Forget AI that can draw pictures, Google’s latest AI model can control a robot.
On Friday, Google introduced Robotics Transformer 2, or RT2 a vision-language-action (VLA) model that can take text and images and output them into robotic actions.
“Just like language models are trained on text from the web to learn general ideas and concepts, RT-2 transfers knowledge from web data to inform robot behavior,” Head of Robotics, Google DeepMind Vincent Vanhoucke explained in a blog post. “In other words, RT-2 can speak robot.”

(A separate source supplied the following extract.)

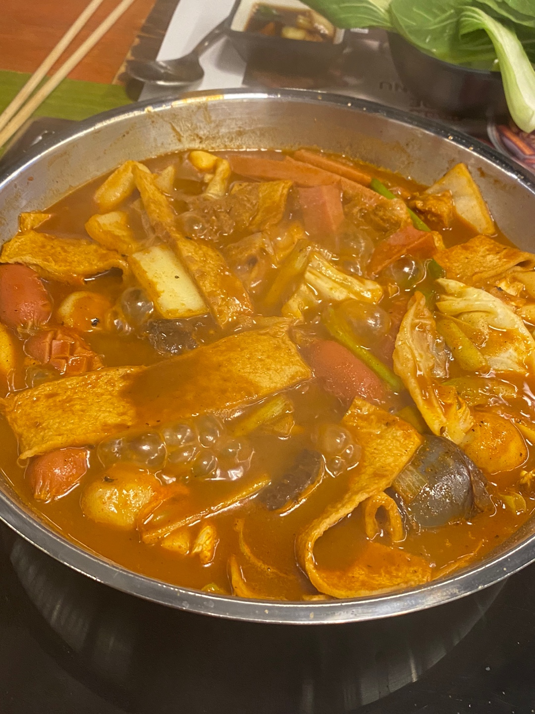다양한 종류의 떡이 있었는데 밀떡이 먹고 싶어서 넣어봤고 소스도 많았는데 그중에 가장 매운 소스로 만들어봤습니다. 할매떡볶이 같은 맛이었고 각종 야채, 어묵, 옹심이, 소시지 등과 같이 넣고 끓여서 먹어봤는데 소스 자체가 괜찮아서 맛있었습니다.

Vanhoucke says that while chatbots can be trained by feeding them information about a topic, robots need to take things a step further and get “grounding” in the real world. The example he provided was a red apple. While you could simply explain to a chatbot what an apple is, a robot will need to not only know everything about it but also know how to distinguish it from a similar item, for instance a red ball, and they’ll also have to learn how they should pick that apple up.
RT-2 takes things a step further than Google's RT-1 and other models by using data from the web. For instance, if you wanted a previous model to throw something away you would need to train them on what trash is and how to use it. With RT-2, the robot can train itself based on web data. So, while you haven’t expectedly explained what the trash is and how to use it, the robot can figure that part out on its own.

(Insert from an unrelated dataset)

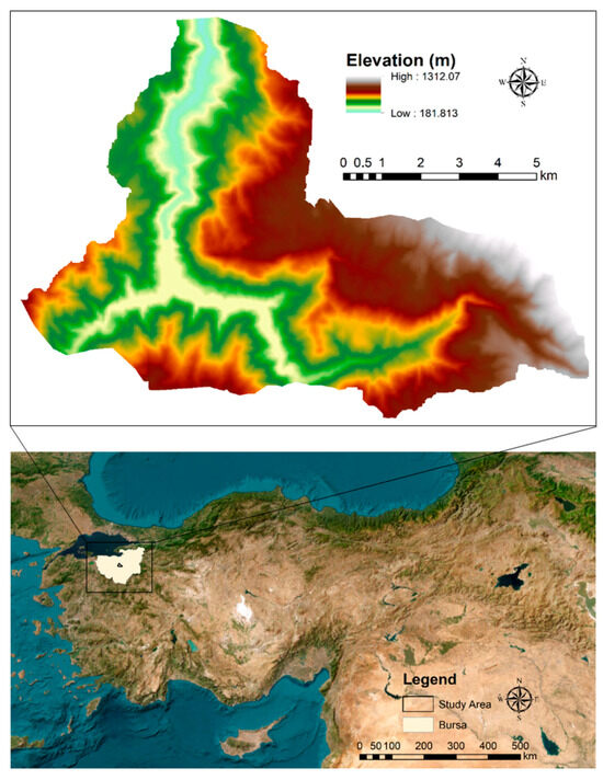 The Doğancı Dam Watershed, located on the Nilüfer Stream within the borders of the Osmangazi district of Bursa province in the Marmara Region, is located in the Susurluk Watershed, one of the 25 main river basins of Türkiye. The Doğancı Dam Watershed is located between 40°09′59.54″ and 40°04′08.00″ northern latitudes and 29°01′03.28″ and 29°05′21.48″ eastern longitudes (Figure 1). The construction of the dam, planned for a drinking water supply, was completed in 1983. The watershed covering 7559.99 ha extends in the north–southwest direction and its highest peak is Belen Hill with 1312.07 m. Based on the meteorological data obtained from the Osmangazi and Uludağ Meteorology Stations within the borders of the study area for the years 2000–2022, the average temperature is 15.3 °C and 5.2 °C, the average maximum temperature is 34.3 °C and 22.6 °C, and the average minimum temperature is −0.9 °C and −11.7 °C, respectively. The average monthly precipitation is 61.4 mm and 121.8 mm, while the total annual precipitation is 737.4 mm and 1461.6 mm, respectively (Table 1 and Table 2).

With RT-2 robots are able to learn, and take learned knowledge and apply it to future situations as well. That said, Google notes that in the current limitations of the model, RT-2 can only help a robot get better at physical tasks it already knows how to do, not learn them from scratch.
Still, it’s a huge step forward and shows us what might be possible in the future. Google goes into detail on how RT-2 works on its DeepMind blog.